What to do —
Using the data below, reproduce exactly the lines from the line with "3 cartelas C-3" to the line with "Body Glove Women's", both included; pictures must be dropped.

Exercise data —
------------------------------------------------------------
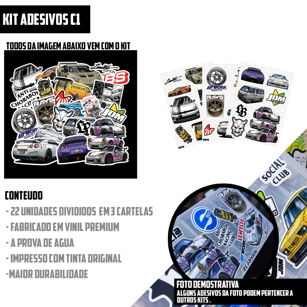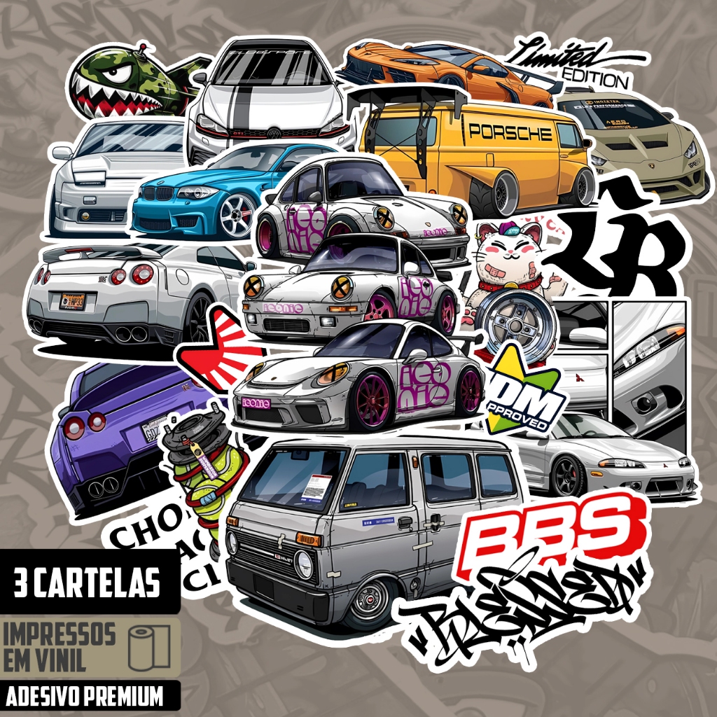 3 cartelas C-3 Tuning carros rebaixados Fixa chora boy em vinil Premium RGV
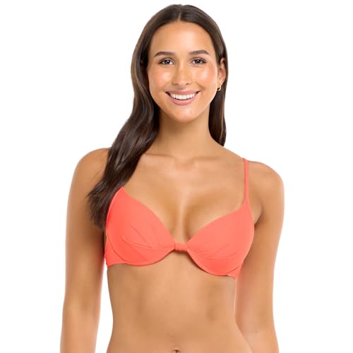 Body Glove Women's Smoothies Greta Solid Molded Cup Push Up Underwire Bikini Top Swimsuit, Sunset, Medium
------------------------------------------------------------
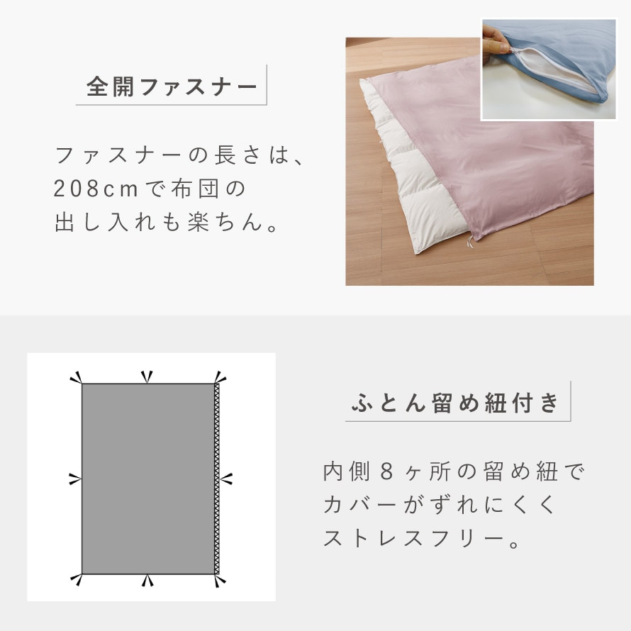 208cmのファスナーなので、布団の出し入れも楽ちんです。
------------------------------------------------------------
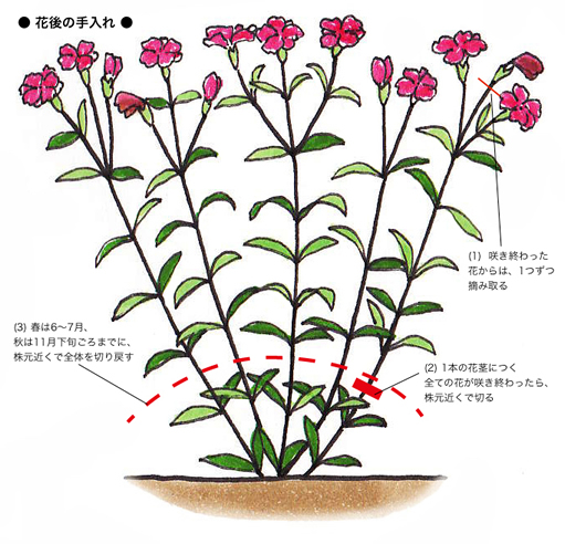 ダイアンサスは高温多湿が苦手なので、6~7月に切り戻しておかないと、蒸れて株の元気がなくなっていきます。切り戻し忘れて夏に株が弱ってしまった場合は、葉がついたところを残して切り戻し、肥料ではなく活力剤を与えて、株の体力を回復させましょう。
------------------------------------------------------------
Response to this exercise —
 3 cartelas C-3 Tuning carros rebaixados Fixa chora boy em vinil Premium RGV
 Body Glove Women's Smoothies Greta Solid Molded Cup Push Up Underwire Bikini Top Swimsuit, Sunset, Medium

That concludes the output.